Now, I cannot provide THE strategy, for there is no such thing. But I may present one feasibly approach that has served me well, quite a few times. I’ll simplify quite a bit, but it is nonetheless a complete approach that may serve as starting point for more complex demands.
OK, let’s play…
To define the playing field: The following is about classical n-Tier ASP.NET web applications, and I have decided to represent user induced issues, like business validation errors, as exceptions.
Some Groundwork
Exceptions are used for different error conditions, but also for non-erroneous situations, which leads to a surprising variety:
- Exceptions being thrown as result to infrastructure issues. E.g. IOException, SecurityException. They may be caused by invalid configurations, by unavailable infrastructure resources, or for other reasons.
- Exceptions representing errors reported by external services, like database constraint violations or SOAP exceptions.
- Exceptions being thrown because the caller did not meet the expectations of the called code, e.g. a violation of a contract. (Usually ArgumentExceptions).
- Exceptions being thrown because a developer’s lapse. NullReferenceException.
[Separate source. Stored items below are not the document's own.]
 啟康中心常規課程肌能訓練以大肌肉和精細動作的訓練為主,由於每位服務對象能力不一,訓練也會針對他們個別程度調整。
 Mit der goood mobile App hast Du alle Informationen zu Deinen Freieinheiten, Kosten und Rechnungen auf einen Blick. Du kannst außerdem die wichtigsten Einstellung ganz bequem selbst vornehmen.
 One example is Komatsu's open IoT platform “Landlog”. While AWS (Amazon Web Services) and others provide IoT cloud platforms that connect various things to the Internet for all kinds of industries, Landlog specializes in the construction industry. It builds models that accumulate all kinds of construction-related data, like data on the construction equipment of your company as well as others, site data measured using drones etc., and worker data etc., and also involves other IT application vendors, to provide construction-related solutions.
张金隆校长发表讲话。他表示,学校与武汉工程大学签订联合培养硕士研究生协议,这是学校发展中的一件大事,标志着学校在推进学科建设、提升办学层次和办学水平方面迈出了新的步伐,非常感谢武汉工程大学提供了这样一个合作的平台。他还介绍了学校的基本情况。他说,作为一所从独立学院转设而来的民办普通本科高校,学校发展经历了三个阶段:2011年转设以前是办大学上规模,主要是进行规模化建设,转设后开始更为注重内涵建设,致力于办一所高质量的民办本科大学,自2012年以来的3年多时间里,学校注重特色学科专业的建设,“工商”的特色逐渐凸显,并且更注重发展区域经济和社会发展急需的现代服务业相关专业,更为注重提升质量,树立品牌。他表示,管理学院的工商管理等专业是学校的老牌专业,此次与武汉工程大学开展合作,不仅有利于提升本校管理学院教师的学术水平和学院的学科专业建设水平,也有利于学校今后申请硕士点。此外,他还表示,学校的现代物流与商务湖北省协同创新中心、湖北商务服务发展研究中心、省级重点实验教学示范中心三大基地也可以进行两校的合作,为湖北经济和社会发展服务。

- Exceptions being thrown to sidestep the current flow of control, e.g. HttpResponse.Redirect() throws a ThreadAbortException to prevent an ASP.NET page from further unnecessary processing.
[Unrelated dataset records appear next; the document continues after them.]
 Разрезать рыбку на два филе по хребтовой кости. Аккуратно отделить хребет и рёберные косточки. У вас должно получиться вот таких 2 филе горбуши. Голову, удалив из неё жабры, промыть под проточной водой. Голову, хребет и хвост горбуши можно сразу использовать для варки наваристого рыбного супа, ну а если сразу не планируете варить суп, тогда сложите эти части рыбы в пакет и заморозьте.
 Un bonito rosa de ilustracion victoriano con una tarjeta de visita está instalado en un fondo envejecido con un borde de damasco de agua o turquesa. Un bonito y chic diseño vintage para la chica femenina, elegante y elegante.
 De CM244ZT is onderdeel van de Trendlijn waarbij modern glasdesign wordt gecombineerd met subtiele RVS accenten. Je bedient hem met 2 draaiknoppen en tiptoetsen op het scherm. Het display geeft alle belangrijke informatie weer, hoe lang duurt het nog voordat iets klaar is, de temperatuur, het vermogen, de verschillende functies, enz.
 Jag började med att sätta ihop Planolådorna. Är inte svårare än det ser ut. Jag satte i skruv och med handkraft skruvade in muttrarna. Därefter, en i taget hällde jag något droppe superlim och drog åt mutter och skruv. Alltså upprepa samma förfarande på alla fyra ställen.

- Business validation errors. The business logic decides that – despite proper input validation – something is not quite as it should be. Not exactly an error in a technical sense, but the processing simply cannot go on.
- User concurrency issues. Like some user wants to update some data that has been changed by someone else in the meantime. And “last one wins” may not be good enough.
Please note that while Basic Rule Number 1 for exception handling (no abuse of exceptions for non-exceptional conditions) is as valid as ever, there are certainly exceptions (no pun intended) to that rule. For example, aborting the request upon redirection certainly makes sense; (ab)using an exception to do so may violate said rule, yet it is far more efficient and convenient than any other alternative. The same may be true for business validation errors. Not exceptional, yet exceptions may be the most convenient way to accommodate them.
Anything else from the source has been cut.